Saturday, April 05, 2008

advice, unsolicited

I work with a lot of skinny people. They are forever saying things like, "I can't eat bread first thing in the morning or I am sleepy all day" or "I just don't feel good if I don't work out." They're all nice, but it tends to feel like a not-so-subtle dig at my not-so-slender current state. I am already feeling fat, and there is this hyper-fit culture that is annoying because there is an assumption that I wouldn't possibly fit into it because I'm not thin. Actually, though, I'm fairly athletic with bad genes. So there. Besides, maybe they're not thinking that at all, and I'm just bringing a healthy serving of my own insecurity, with a side of fries. Today, I heard a discussion going on about "What are the lengths for an Olympic triathlon?" And I wanted to answer, because I've actually done two of them. But that might just shock everyone in a very unpleasant way, and besides, I was far enough away to make chiming in awkward. So I just kept it to myself -- at least I know my ownself that I have had some kick-ass races in my past and expect to have them in my future, too.

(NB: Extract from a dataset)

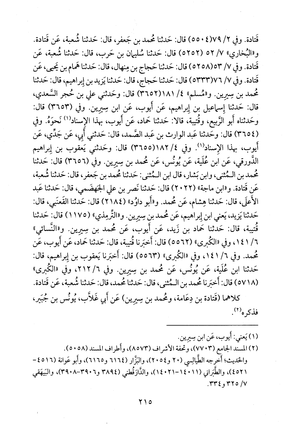 وفي (٣٦٥٣) قال: وحدثناه أَبو الربيع، وقتيبة، قالا: حدثنا حماد، عن أيوب، بهذا الإسناد (¬١) نحوه. وفي (٣٦٥٤) قال: وحدثنا عبد الوارث بن عبد الصمد، قال: حدثني أبي، عن جدي، عن أيوب، بهذا الإسناد (٣). وفي ٤/ ١٨٢ (٣٦٥٥) قال: وحدثني يعقوب بن إبراهيم الدورقي، عن ابن عُلَية، عن يونس، عن محمد بن سِيرين. وفي (٣٦٥٦) قال: حدثنا محمد بن المثنى، وابن بشار، قال ابن المثنى: حدثنا محمد بن جعفر، قال: حدثنا شعبة، عن قتادة. و «ابن ماجة» (٢٠٢٢) قال: حدثنا نصر بن علي الجهضمي، قال: حدثنا عبد الأعلى، قال: حدثنا هشام، عن محمد. و «أَبو داود» (٢١٨٤) قال: حدثنا القَعنَبي، قال: حدثنا يزيد، يعني ابن إبراهيم، عن محمد بن سِيرين. و «التِّرمِذي» (١١٧٥) قال: حدثنا قتيبة، قال: حدثنا حماد بن زيد، عن أيوب، عن محمد بن سِيرين. و «النَّسَائي» ٦/ ١٤١، وفي «الكبرى» (٥٥٦٢) قال: أخبرنا قتيبة، قال: حدثنا حماد، عن أيوب، عن محمد. وفي ٦/ ١٤١، وفي «الكبرى» (٥٥٦٣) قال: أخبرنا يعقوب بن إبراهيم، قال: حدثنا ابن عُلَية، عن يونس، عن محمد بن سِيرين. وفي ٦/ ٢١٢، وفي «الكبرى» (٥٧١٨) قال: أخبرنا محمد بن المثنى، قال: حدثنا محمد، قال: حدثنا شعبة، عن قتادة.

I have just tried to step away. I keep repeating in my head, "I don't have to prove anything to anyone." And I don't. I was actually unhappy that I bumped into work people when running on the treadmill yesterday in the fitness center of the hotel, because I don't like people to see me all sweaty and red-faced.

Tomorrow I'm skipping the fitness center and waiting for first light, so I can walk out for a beautiful coffee and a breakfast somewhere away from the carbphobics. They'll be so busy eyeing the evil bread that they won't even notice my absence.

3 comments:

  1. Don't borrow insecurities. Did you consider that perhaps they see you as "one of them"? Either way, I wouldn't waste any time worrying about it. It's not worth the emotional energy or the toll it takes on self esteem. You're wonderful just as you are.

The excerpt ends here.